2019 Chinese historical series

Story of Yanxi Palace (延禧攻略 (Yánxǐgōnglüè)) is a 2018 Chinese television series created by Yu Zheng for iQIYI. Starring Wu Jinyan, Charmaine Sheh, Qin Lan and Nie Yuan, the series aired on iQIYI from July 19, 2018 to August 26, 2018. The series recounts the struggles of a palace maid in the court of the Qianlong Emperor.

Distributed in more than 70 markets worldwide, Story of Yanxi Palace became a huge hit across Asia, catapulting Wu Jinyan and Xu Kai to stardom and revitalizing the careers of Qin Lan and Charmaine Sheh.
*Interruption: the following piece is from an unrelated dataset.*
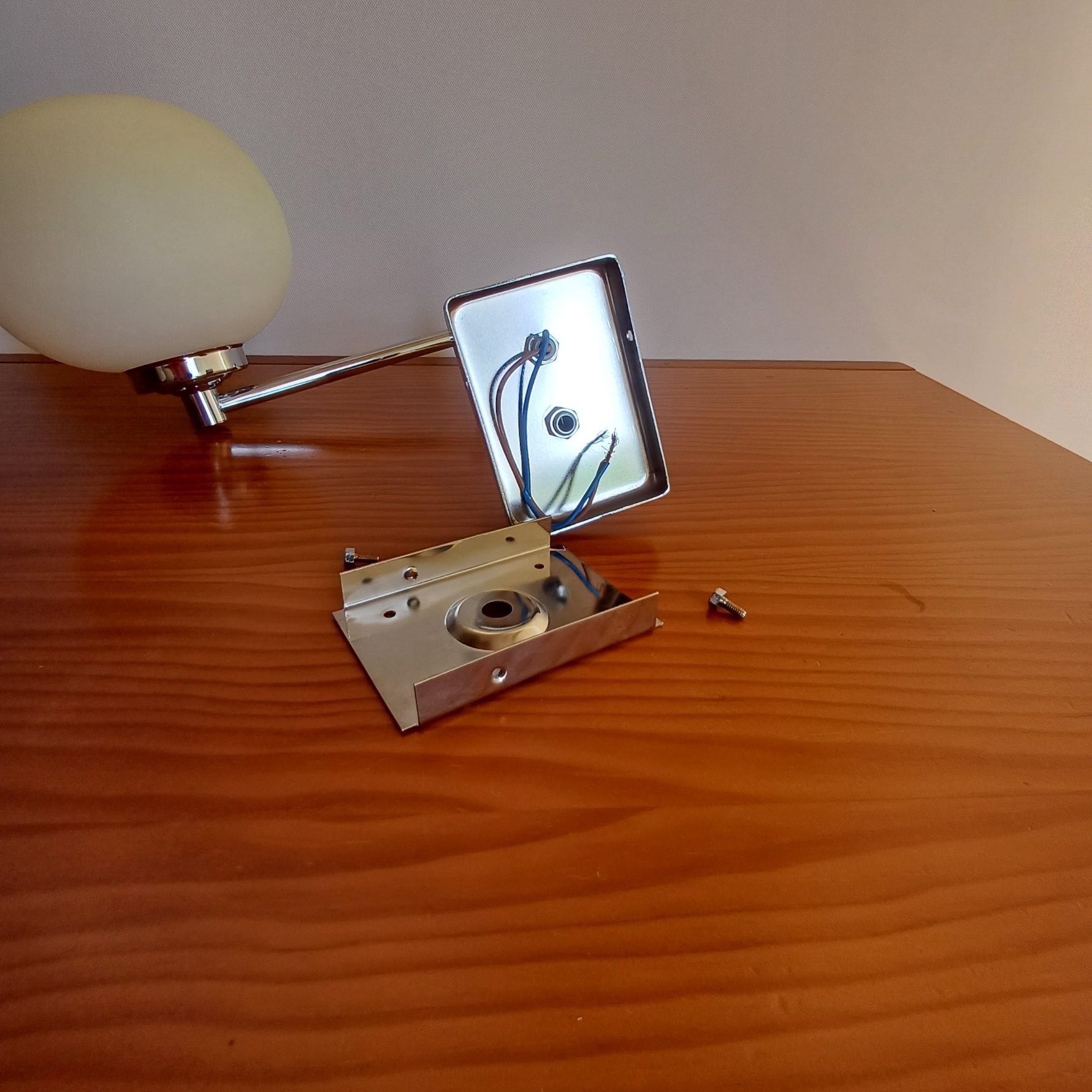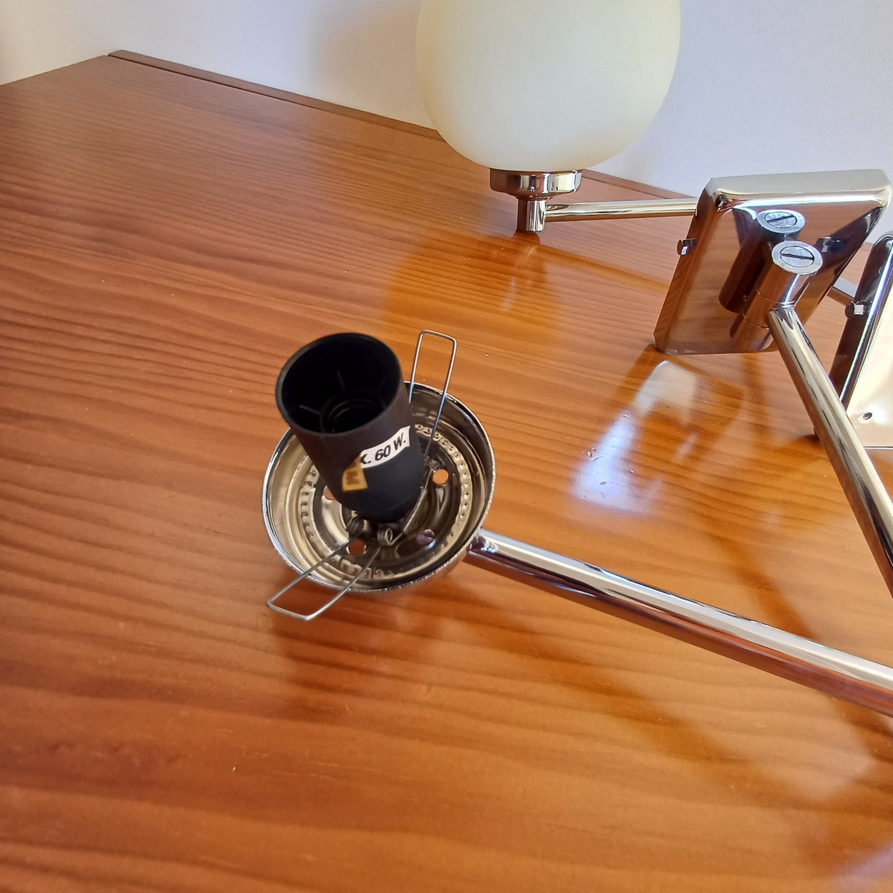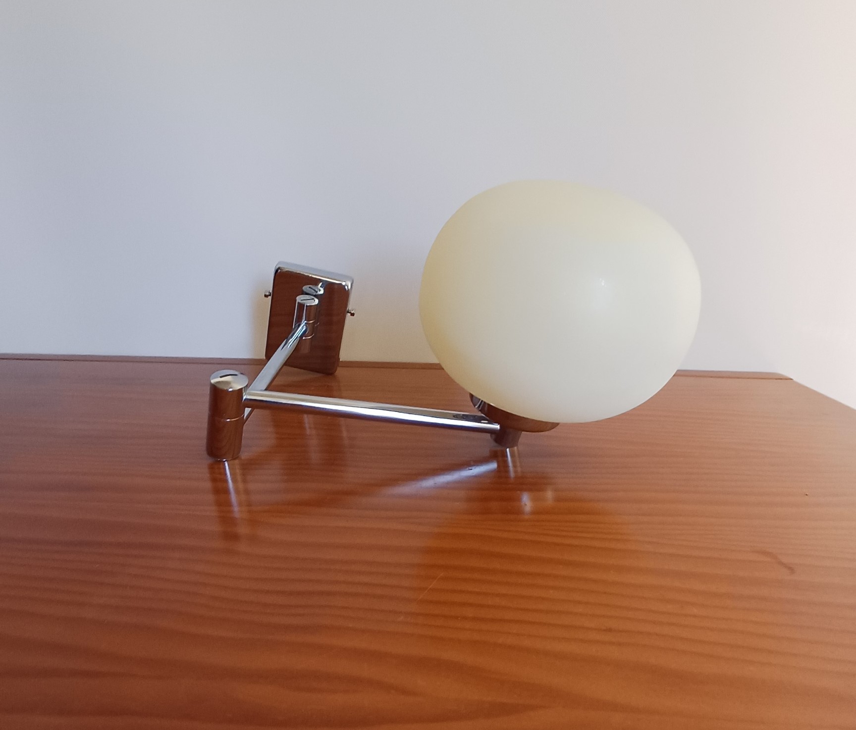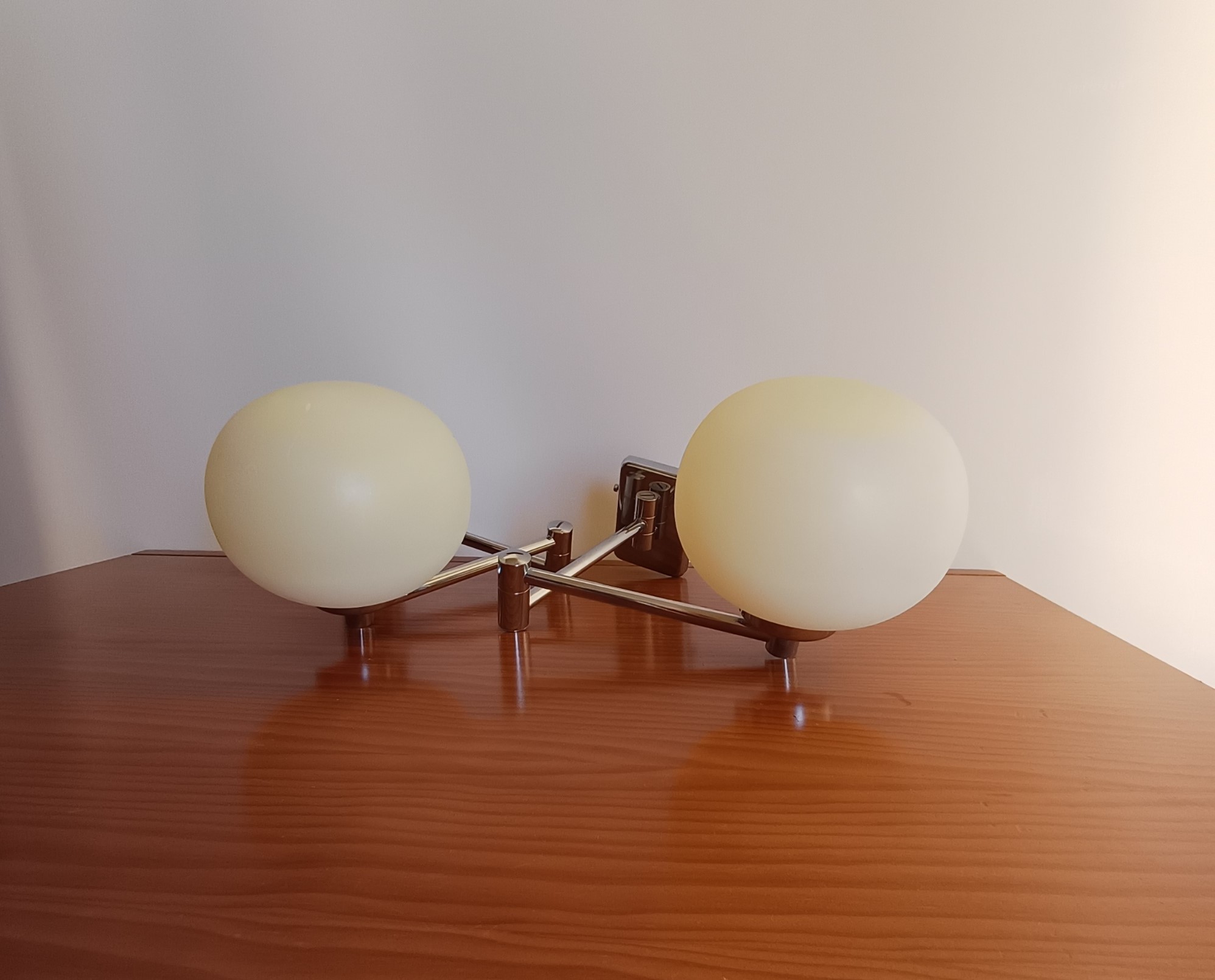 Pareja de apliques con brazos articulados cromados y tulipas ovaladas en cristal recubierto de una capa en blanco roto. Las tulipas tienen alguna ligera rozadura en la capa que las recubre, pero casi inapreciable. Longitud del brazo extendido: 43 cm sin contar la tulipa. Diámetro de la tulipa: 15 cm.

It was the most googled TV show in the world in 2018, despite Google being blocked in Mainland China, and was streamed over 15 billion times on iQIYI that year. A spin-off/sequel titled Yanxi Palace: Princess Adventures was released on Netflix on December 31, 2019.

==Plot==
Embroidery Bureau (Episode 1–7)

During the Qing dynasty, Wei Yingluo enters the court of the Qianlong Emperor as an embroidery maid to secretly investigate her older sister Wei Yingning's mysterious death. Yingluo survives the machinations of other embroidery maids jealous of her skills and impresses Empress Fuca with her wit.

Changchun Palace I (Episode 8–27)

At first believing the imperial guard Fuca Fuheng to be the prime suspect, Yingluo schemes to approach his older sister, the Empress Fuca, and succeeds in getting transferred from the Embroidery Bureau to Changchun Palace. Yingluo serves the Empress together with head palace maids Erqing and Mingyu, where she eventually becomes a trusted confidante of the Empress and learns that the Fuca siblings are innocent of the crime. Yingluo and Fuheng also fall for each other in the meantime.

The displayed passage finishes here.